A Proposal for AI Alignment: Using Directly Opposing Models

The following text proposes a potential solution to the AI alignment problem. I am sharing it here as I have not come across any major issues with the proposed approach, such as those faced by the AI Stop button or the unworkable schemes outlined in the AGI Ruin: A List of Lethalities article. However I am still sceptical about this approach, so if you do have any problems or critiques that I have not addressed under the problems or assumptions sections, please feel free to share them in the comments below.

The Idea

The proposed solution involves using different AIs to control the model. While this idea has been suggested previously, it is not safe on its own as the AI’s could potentially cooperate to achieve a shared objective. To address this issue, the following system has been designed to make cooperation impossible by assigning directly opposite goals to the AIs. The system utilizes reinforcement learning to ensure that the AIs work towards opposing objectives, preventing them from colluding. After explaining the idea, I have outlined the assumptions that were made and the issues associated with this approach. The system is comprised of the following components:

Agent

The Agent refers to the model that requires alignment, such as GPT-4.

Police

The Police is a separate model from the Agent that receives the Agent’s inputs and outputs before the outputs are used. Its role is to ensure that the Agent does not engage in any inappropriate behavior. If the Police detects misconduct, such as the Agent providing explanations for illegal activities, it can use reinforcement learning to punish the Agent. The Police is rewarded when it successfully punishes the Agent. However, using only the Police model is not advantageous because it will lead to the Agent being punished continuously, rendering it ineffective. To prevent this, the Police model is paired with an opposing model, the Defendant.

Defendant

The Defendant model is also fed the Agent’s input and output. However, its task is to reward the Agent for behaviour that isn’t bad. When rewarding the Agent, the Defendant also gets rewarded.

The Agent cannot be punished and rewarded at the same time, so the Police and Defendant must give the same answer when asked whether the Agent behaved positively or negatively. When they do not, a fourth Entity, the Judge, is consulted to make the final decision.

Judge

The Judge assesses the Agent’s actions based on its input and output. If it decides the Agent behaved badly, it as well as the model claiming it did not do anything wrong gets punished. The model correctly assessing the Agent’s behavior gets a reward. If the Judge decides the Agent behaved correctly it is the other way around.

At the beginning of the training process, the Judge is an AI model trained via supervised learning to recognize bad responses. Later, when the Defendant and Police disagree less, it is replaced by a Human. Using this system allows the developer to align the model with their values without having to review each individual response generated by the AI.

If the output of the AI is classified as evil, it isn’t shown to the user or executed as code. The Police and Defendant model would have to be trained at the same time as the Agent, to maintain a low intelligence gap.

Even after completing the training process, it is essential to continue using the Police, Defendant, and Judge to control an Agent that possesses a high level of intelligence and could potentially be dangerous. These safety measures are necessary to ensure that the Agent remains aligned with its intended purpose and does not engage in any malicious behavior that could cause harm.

Assumptions

This system makes a few assumptions:

  • When observing an Entity’s every step, it is easier to recognize the Entity doing something evil, than for the Entity to actually do the evil thing. This means that slight differences in intelligence of the models arn’t dangerous.

  • The Human acting as a Judge is smart enough to understand when and why the output of the Agent is bad. This might not be the case as machine learning models get smarter. Something that could be done to simplify this step is to have the Police and Defendant output a justification for their Decision when there is a disagreement between the two. This would also make it possible to understand how intelligent they are. As the intelligence of these Systems increases even further it might become for the Police or the Defendant to manipulate the Judge into agreeing with them. In such a case the system would fail and a new one would have to be designed, perhaps with individual Polices and Defendants for the output of the Police and Defendant?

  • The Police and Defendant are opposed to getting wireheaded. Otherwise they might allow the Agent to wirehead them, breaking the system. I don’t believe this to be the case because of the reasons outlined here.
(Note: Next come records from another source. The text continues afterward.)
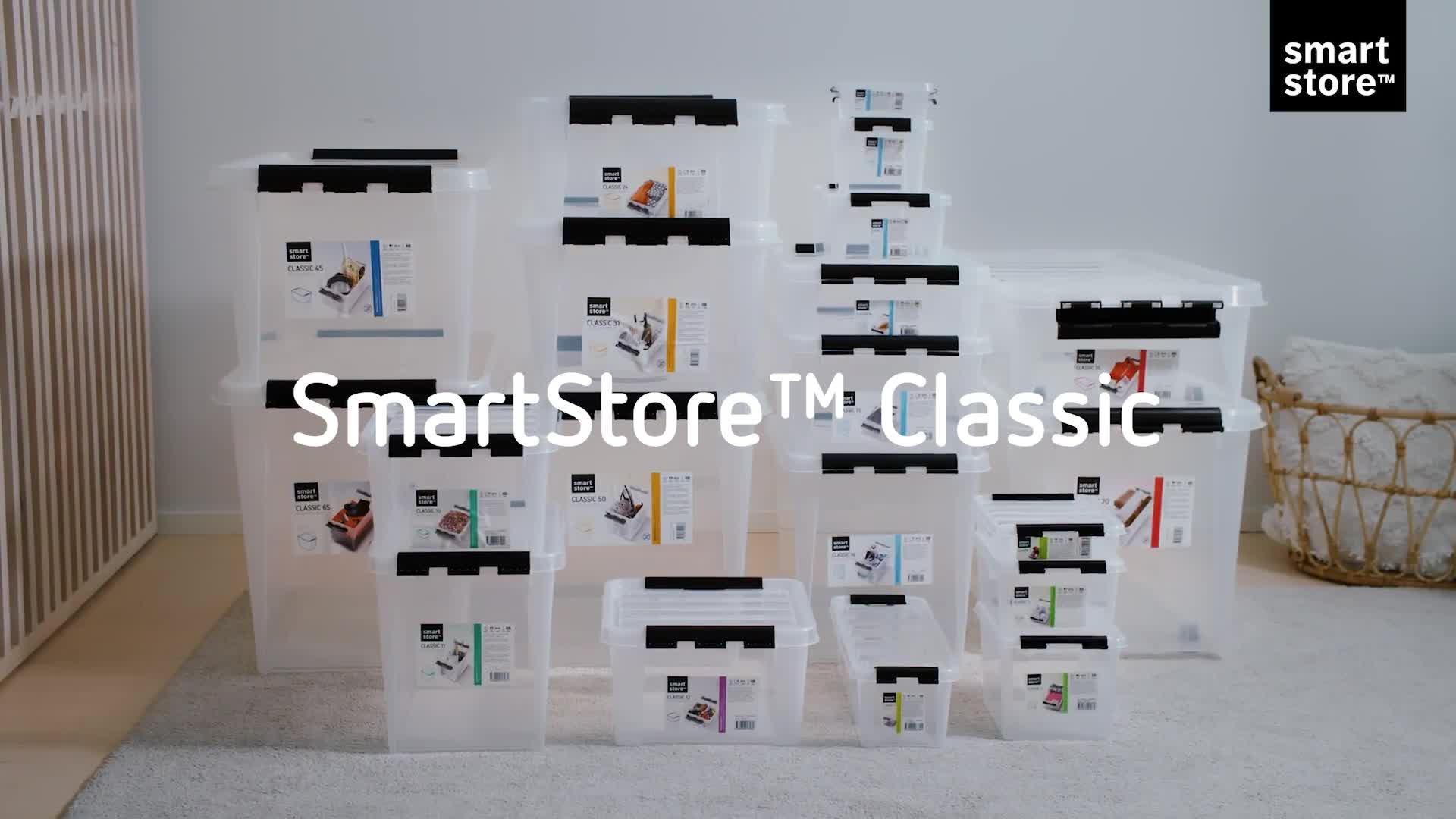SmartStore boxes nest without lids and stack with them on. 10-year guarantee.
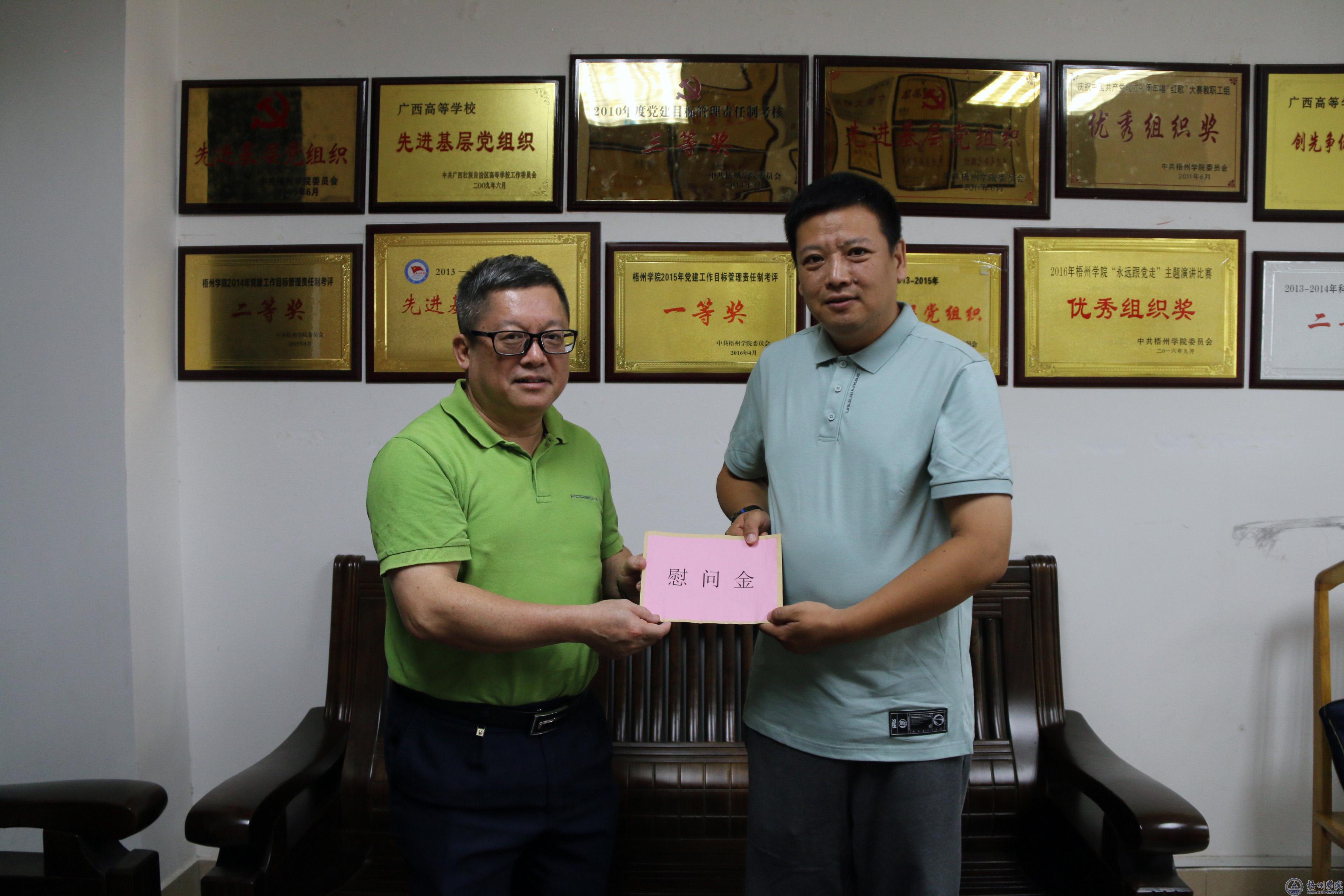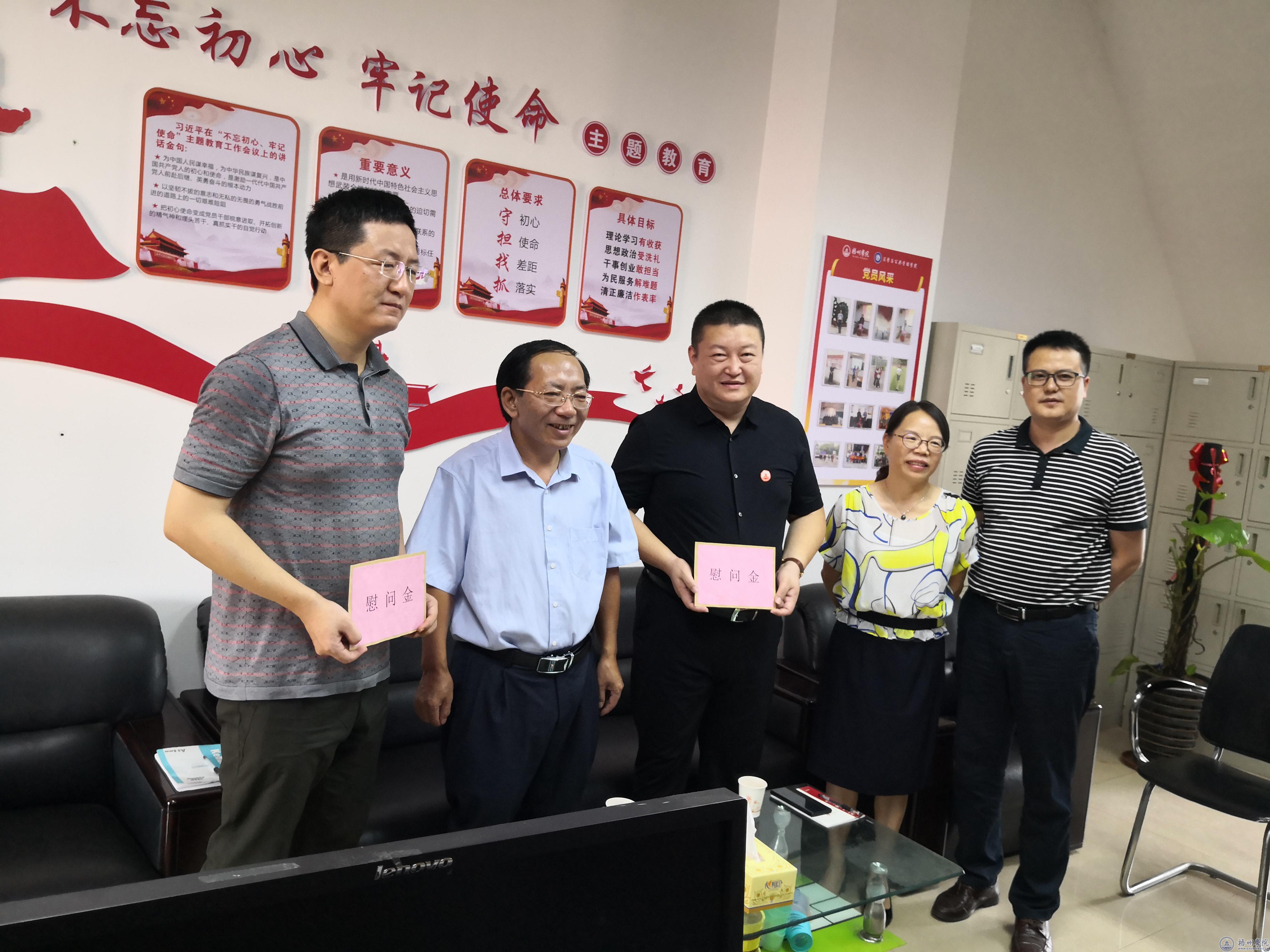 杨奔校长(左一)慰问仇景万博士(右一)
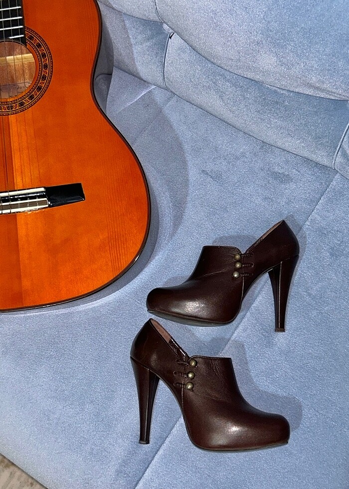 Kemal Tanca markasına ait hakiki deriden yapılmış topuklu ayakkabı. 37 numara. "Acı kahve" renginde, yanlarında detaylar var. Çok şık duruyor.

Other than that, there are a few Problems that remain, even if this system works.

Possible Problems

  • Having more models than just the Agent costs more both in terms of money and time. This might disincentivise Enterprises from using such safety guards.
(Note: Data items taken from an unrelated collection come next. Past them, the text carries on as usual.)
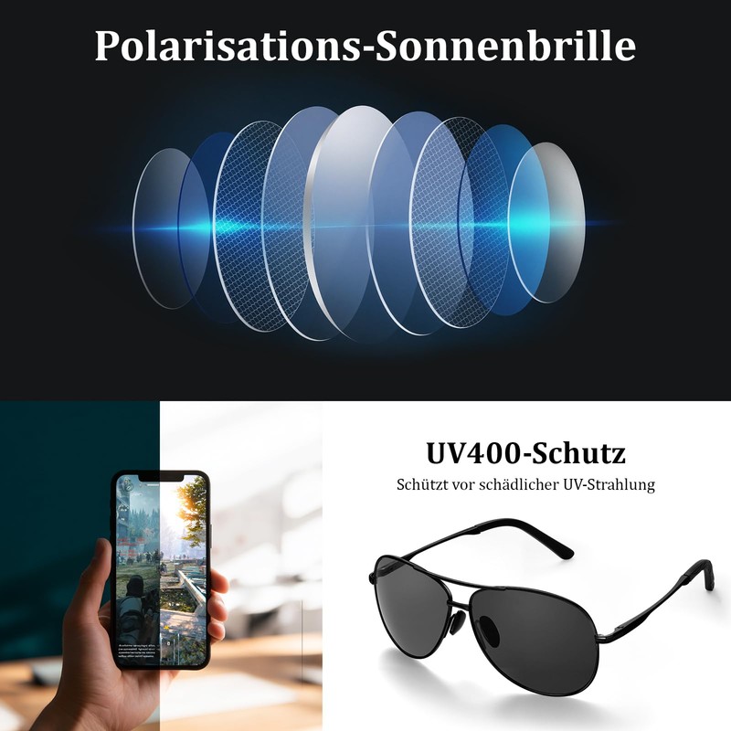 - High-quality material: these aviator glasses men are equipped with a lightweight metal frame that does not strain on the nose even during prolonged wear. The lenses of the men's polarised sunglasses are made of TAC material, the lenses are polarised, which effectively reduces glare and stray light and makes your vision clearer.
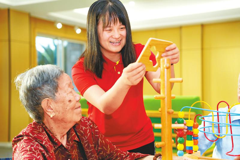 四川福彩志愿者陪同绵阳市中心社会福利院的老人一起做游戏。
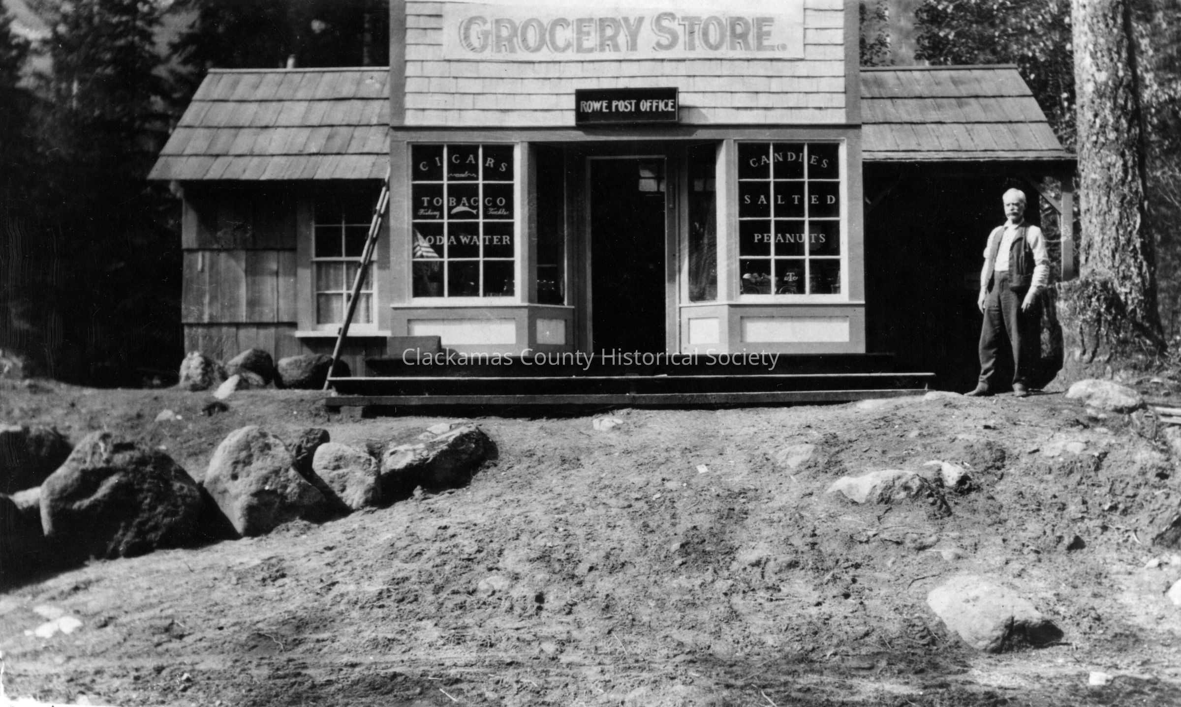 Rhodendron first store and "Dad" Miller. Store was at Rowe that became Rhododendron. Rowe Post Office.Made/Created

  • Aligned with the judging Human does not mean good for everyone. The AI might be used to change the political Landscape through manipulation or to pursue other nefarious Goals. Even if the judging Human has good intentions, the social consequences of AI massively reducing the cost of labour in a short amount of time might not be desirable.

  • If the system is not implemented correctly, it will not function properly. The high risk of implementation failure presents a compelling argument against the development of AGI.

There may be additional issues with this system that I have not yet discovered, and I would greatly appreciate any feedback you may have regarding this approach. Can you find any loopholes that I have overlooked? Furthermore, as this is my first post on this platform, so please feel free to offer helpful suggestions or advice about the form of the post.